I hadn’t yet timed my contractions as I was just in the moment all day. My middle sister arrived at our house as planned because she wanted to be at my birth. She timed them for me and declared that they were less than two minutes apart! Out of the tub I went to dry off and call my midwife. During our phone chat I had a couple of surges and she thought that by the sound of my voice we had time so she would come and see me in an hour. She advised me to hop in the shower. I did, but 2 minutes in I got out and said I could feel his head pressing down on my cervix. We called her back and found out she lived on the east side of the hospital whereas we were on the west side. She gave my husband the option of calling 911 if he saw the head emerge or drive me to the hospital as fast as he could….which he did. So transition phase was in the car, which was not pleasant but only for 10 minutes. He dropped us off at the door and I waddled in holding my hands between my legs and stopping often when things got intense. I was whisked into a room, laid on the bed and was told by a nurse (my midwife hadn’t arrived yet) that I was 9 1/2 cm. Wow, I wasn’t expecting that! When my midwife arrived she told me it would be best to break my water and then baby would be born soon after. Problem was my husband wasn’t back from parking the car and checking me in. So we waited….more contractions…it seemed like forever. Then when he got back (he’s going to kill me for saying this) he needed time to answer nature’s call, so I waited some more. Then waters were ruptured, I pushed about 4-5 times and Oliver was born! He came out so quickly that he wasn’t breathing, no sound, purple baby. His cord was clamped and cut and he was taken to be suctioned. My husband felt uneasy but for some reason I was still calm. Within a few minutes he was crying softly on my chest. He was the most amazing thing to me and I felt so in love.
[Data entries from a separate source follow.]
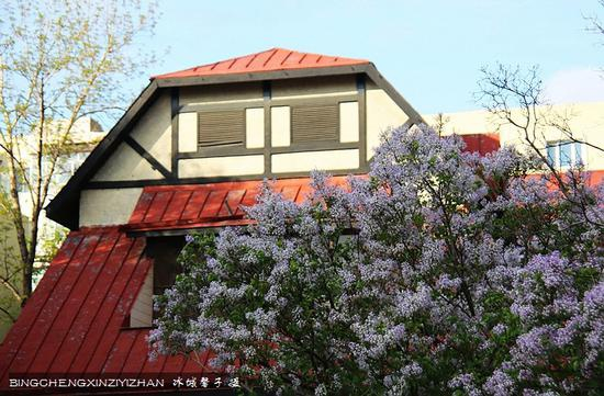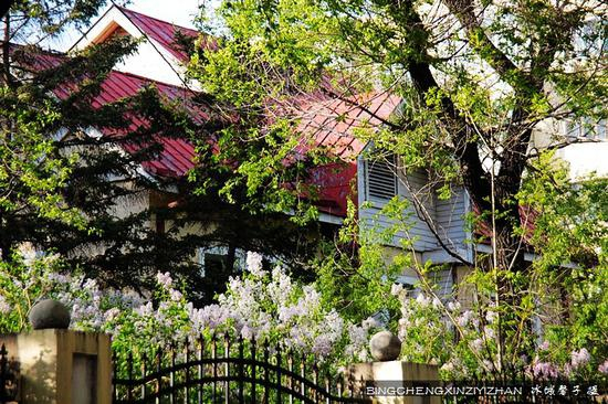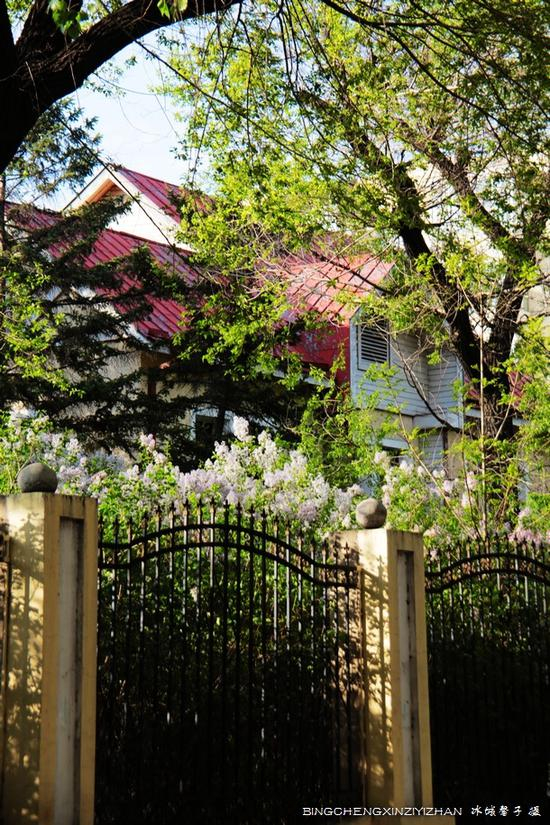 尤其喜欢这幅景致,欧风建筑掩在似隐似露的黄墙栅栏之内,高大的树伞下是在阳光下绽放着的丁香花,这也是我心目中的哈尔滨浪漫气质。我从这条幽静的小街走过,我在这面墙下漫步,我望着那红顶黄墙间的白色窗子生也了好多浪漫的联想:坐在窗前嗅着窗外飘来的丁香花的淡淡香,看一本书,喝一杯咖啡,或者就伏在窗前发发呆。
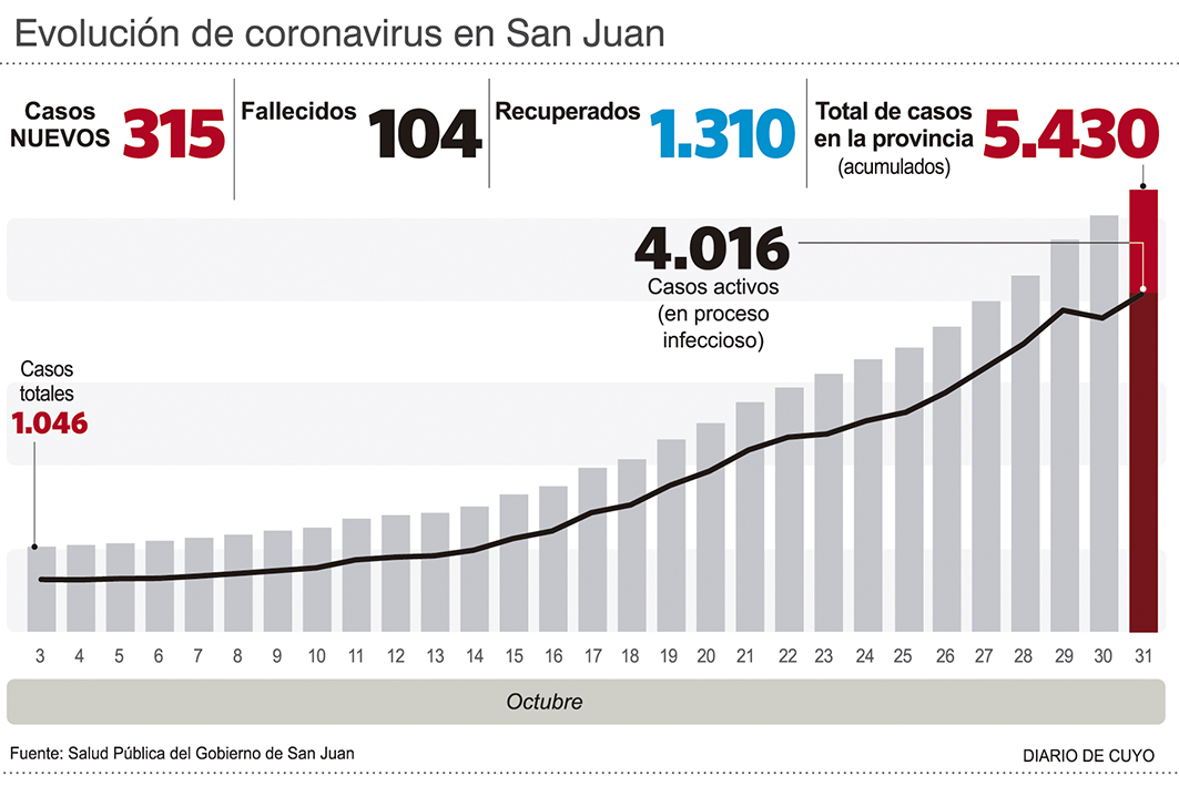 Octubre tuvo siete veces más personas con coronavirus que todo septiembre, el más adverso que ostentaba San Juan y que mostraba las secuelas del brote inicial en Caucete. Sin embargo, con circulación viral comunitaria confirmada precisamente el mes pasado y una curva de contagios que sigue en franco ascenso, es incierto que vaya a ser el peor mes mirando la proyección.
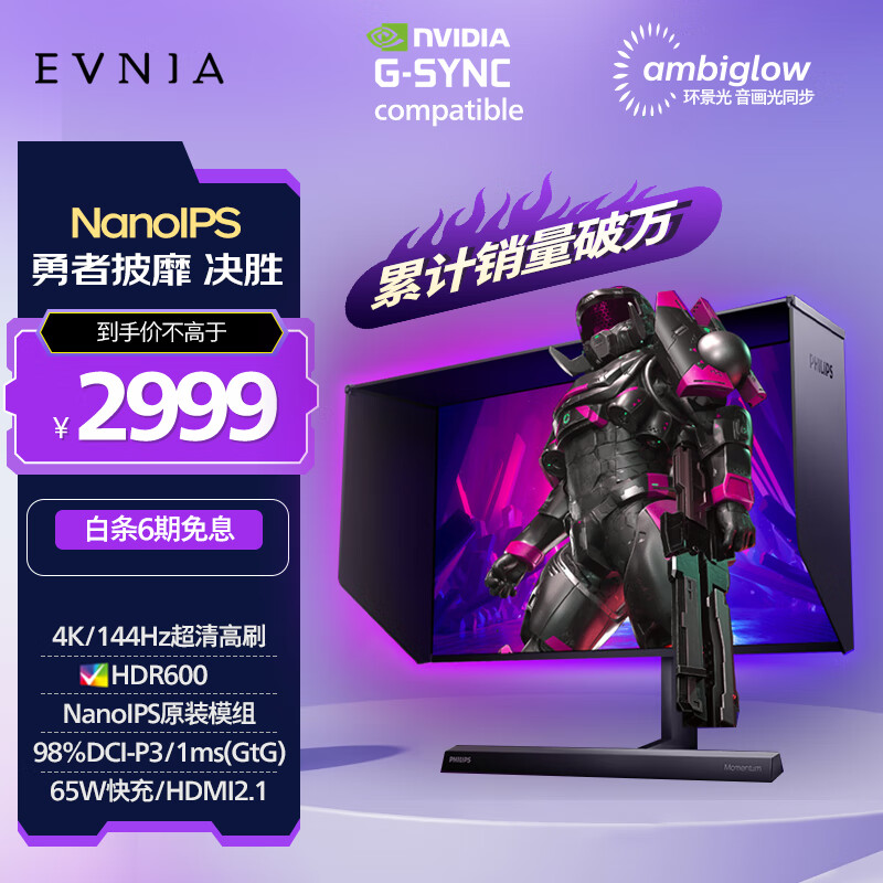 飞利浦27英寸NanoIPS出厂校准4K144Hz 1ms环景光HDR600 TypeC HDMI2.1电竞显示器DTS音效红点奖279M1RVE价格:2999.00元!
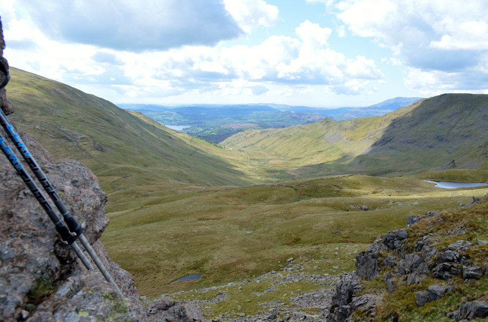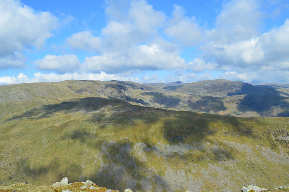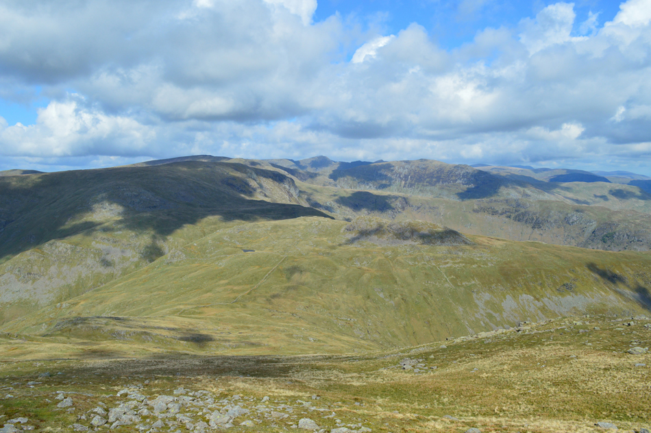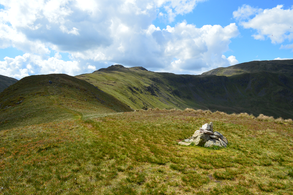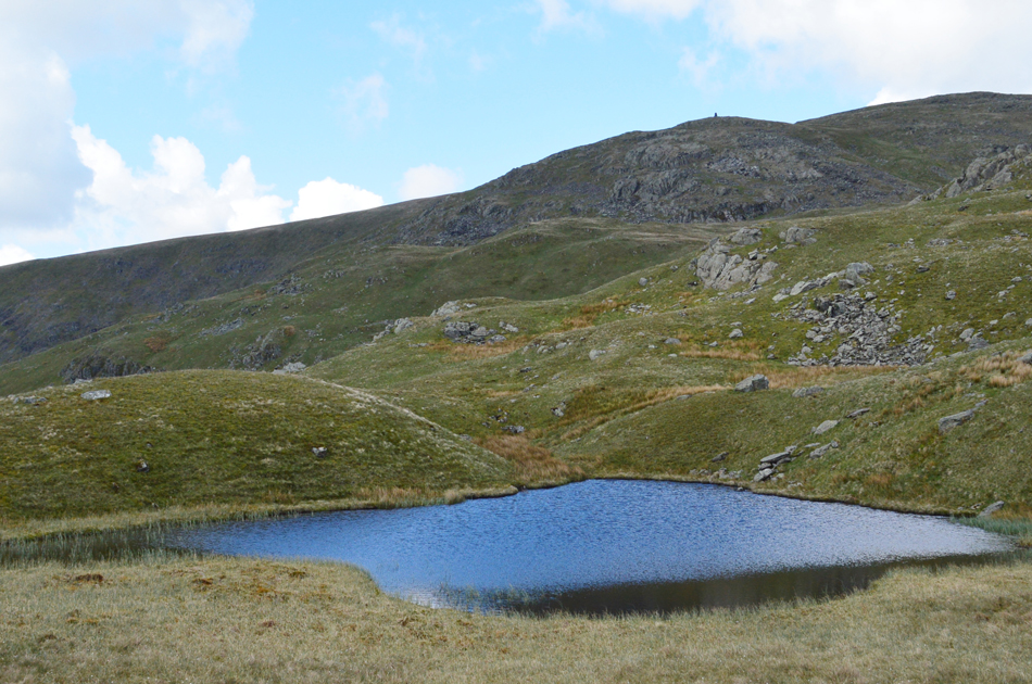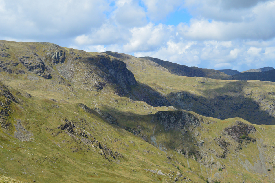 I feared leg burn after spending five of the last seven days on the hill but my legs reacted well as did the lungs. With the shoulder reached layers were re-added due to the cool summit winds whose temperatures either plummeted or rose depending if the sun was hidden, or free from cloud. Next we ascend steadily towards Red Screes via Smallthwaite Band and reached the summit under clear, but chilly skies. After a walk around Red Screes Tarn we descended passing the top of Scandale Pass then made the short ascent onto Little Hart Crag where we broke for lunch.
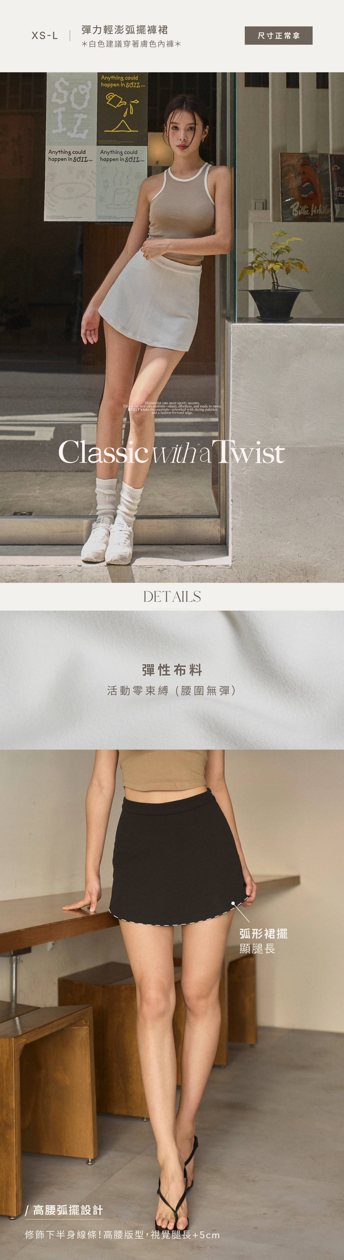 1.高腰弧擺設計修飾下半身線條
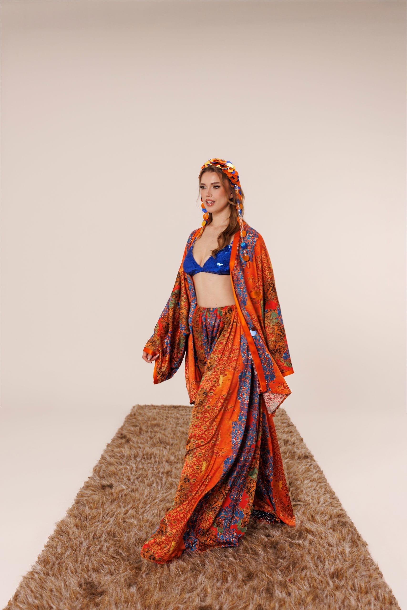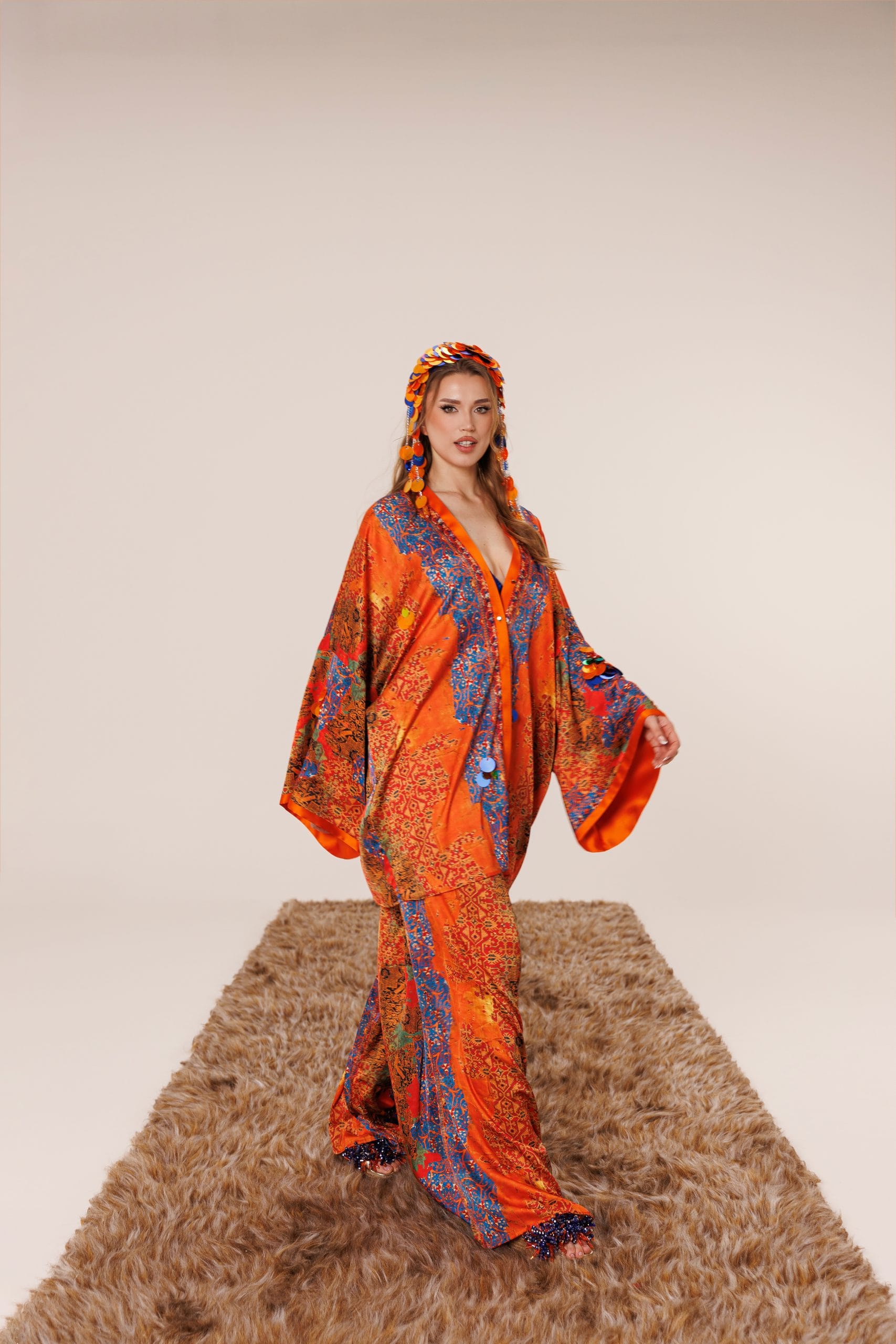 Sunset in Granada İpek Karışımlı Kimono Pantolon Takım | Japanese Silk Blend Luxury Resort Set | Soul of Leila

He started to show signs he wanted to nurse, he latched right away and nursed for 30 minutes each side while I ate the most delicious toasted Tim Horton’s bagel with a tea (actually it was just the usual food from Timmie’s but after birth everything tastes amazingly good). We looked at the clock and figured that if we went home right away our daughter could meet her little brother before her 8pm bed time. Everything went well so my midwife discharged me less than an hour and a half after he was born. I was so excited to sleep in my own bed.

It was just such a peaceful and enjoyable day which ended in my little family all being together in our home. I slept with my son that night while my daughter slept with my husband. I had a beautiful breakfast in bed and my midwife was there at 8am to check on me and baby Ollie. I feel so much joy and love thinking back to those days. How is it that my little man is 10?!